═══ Dataset ═══

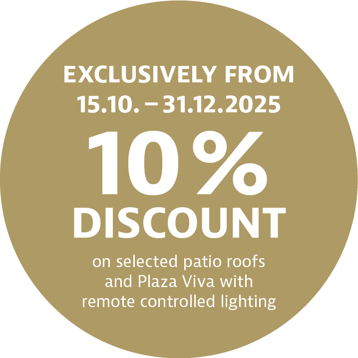 - 10% discount on your glass patio roof Terrazza Pure, Terrazza Sempra or Terrazza Originale or your pergola awning Plaza Viva including light bars, hand transmitter and remote receiver
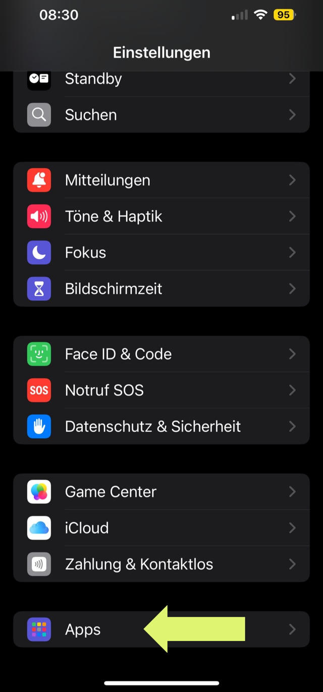Gehen Sie auf Einstellungen und scrollen Sie nach ganz unten, und tippen Sie auf Apps
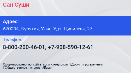 Сан Суши по адресу 670034, Бурятия, Улан-Удэ, Цивилева, 27 в дальнейшем Организация, размещена в следующих категориях:
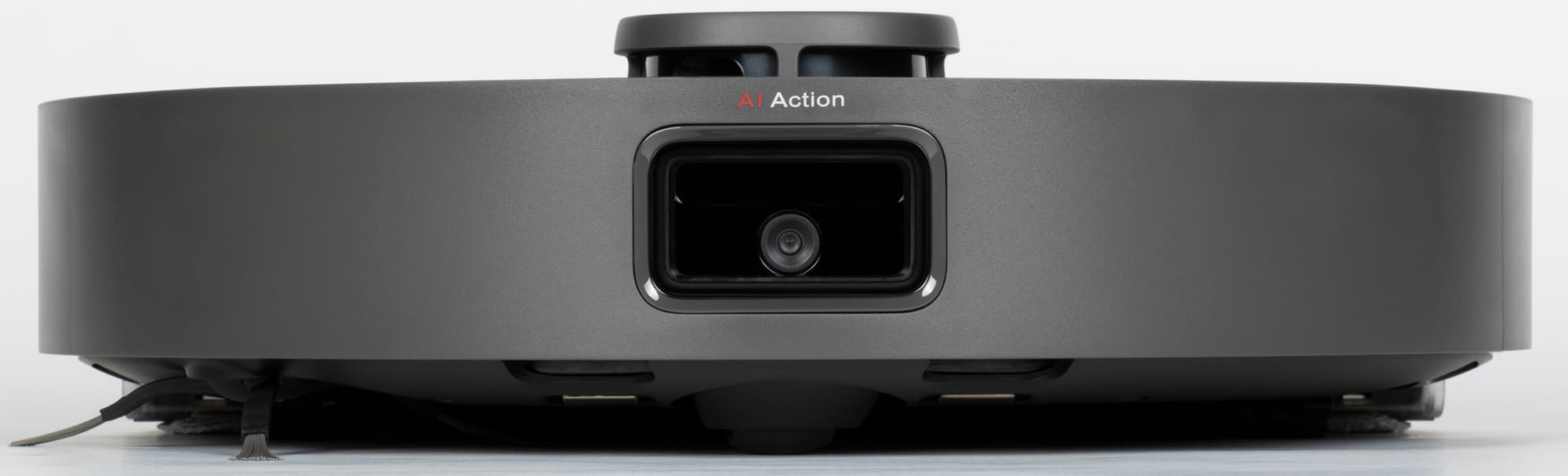 Вместо традиционных инфракрасных сенсоров спереди можно видеть окошко камеры, с помощью которой прибор анализирует обстановку в помещении и определяет препятствия. Доступ к камере может получить и пользователь с помощью мобильного приложения (мы расскажем об этом ниже).
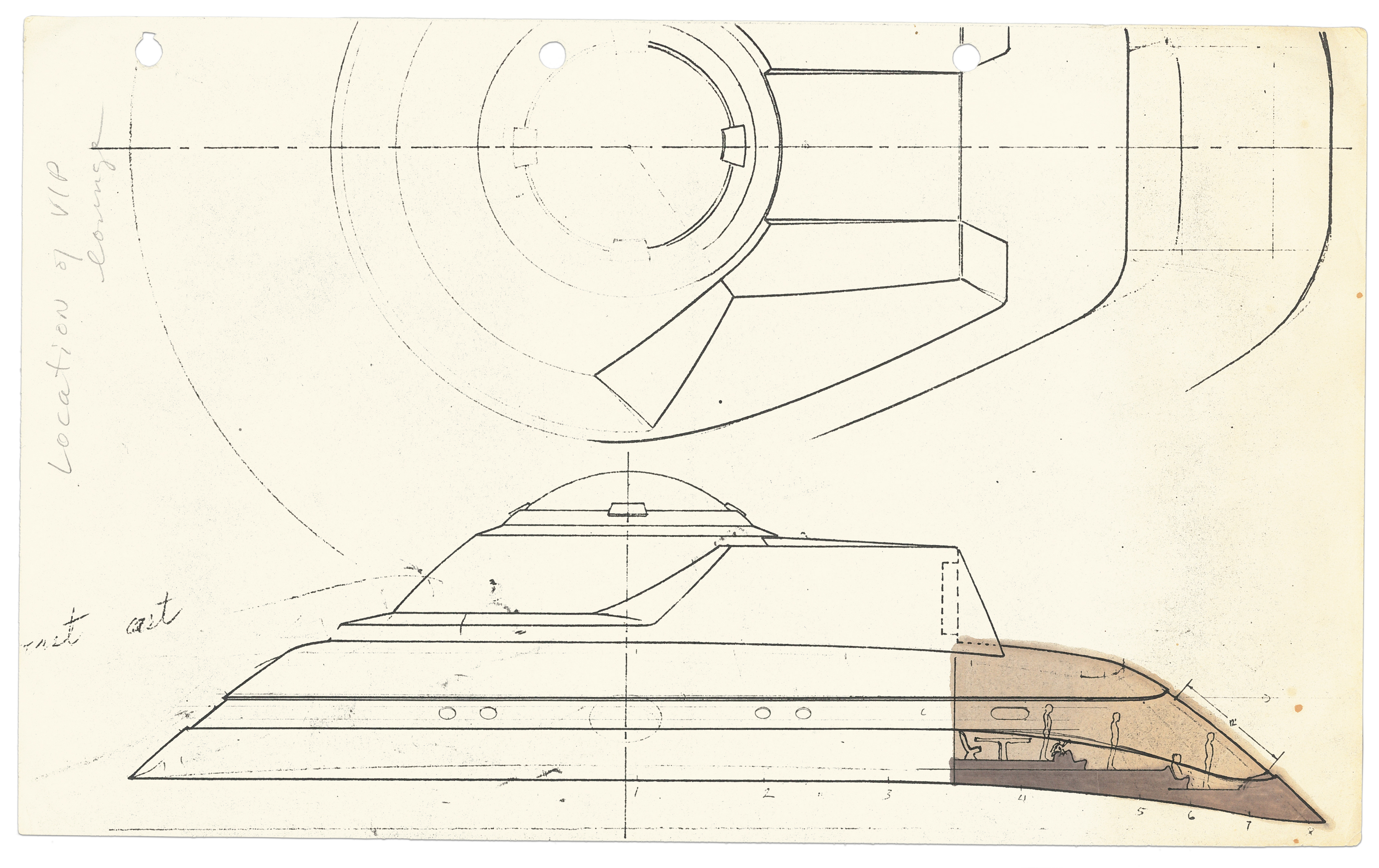 Digital re-creaton of a production sketch by Andrew Probert working out the VIP lounge location.
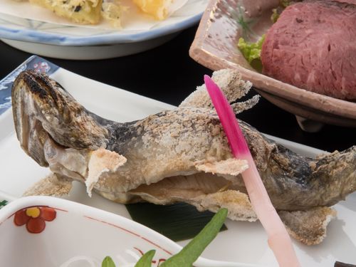 【夕食/イワナ塩焼き】ふっくらと焼き上げた岩魚の塩焼。
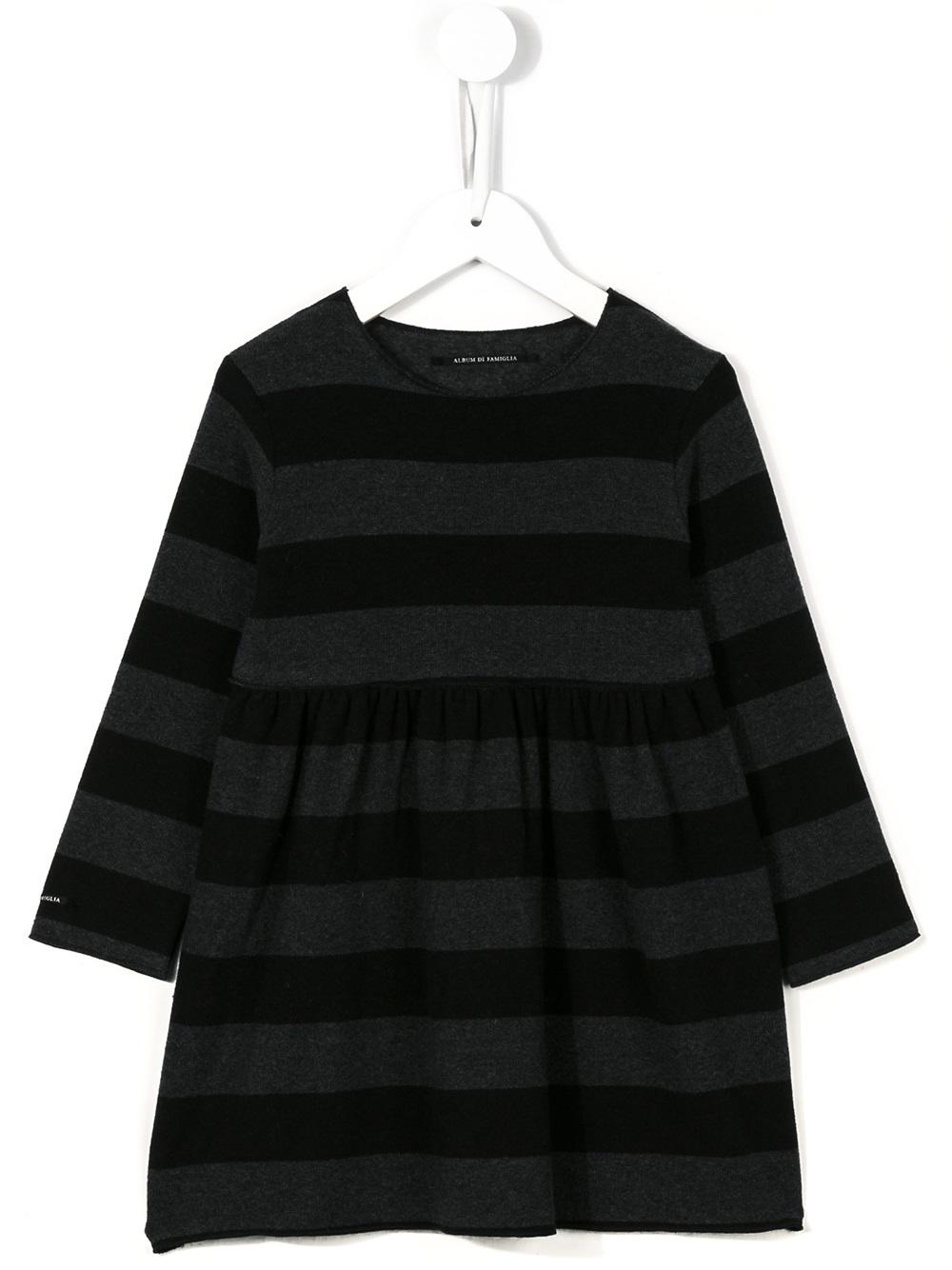 - Album Di Famiglia 灰色与黑色 棉质混纺 条纹针织连衣裙。 圆领, 横条纹, 长袖, 百褶细节, 平直下摆。

═══

Work to complete =>
Copy the entries above exactly from the line with "Сан Суши по" down to their last line, both ends included. Do not copy any pictures.

Response to the task =>
 Сан Суши по адресу 670034, Бурятия, Улан-Удэ, Цивилева, 27 в дальнейшем Организация, размещена в следующих категориях:
 Вместо традиционных инфракрасных сенсоров спереди можно видеть окошко камеры, с помощью которой прибор анализирует обстановку в помещении и определяет препятствия. Доступ к камере может получить и пользователь с помощью мобильного приложения (мы расскажем об этом ниже).
 Digital re-creaton of a production sketch by Andrew Probert working out the VIP lounge location.
 【夕食/イワナ塩焼き】ふっくらと焼き上げた岩魚の塩焼。
 - Album Di Famiglia 灰色与黑色 棉质混纺 条纹针织连衣裙。 圆领, 横条纹, 长袖, 百褶细节, 平直下摆。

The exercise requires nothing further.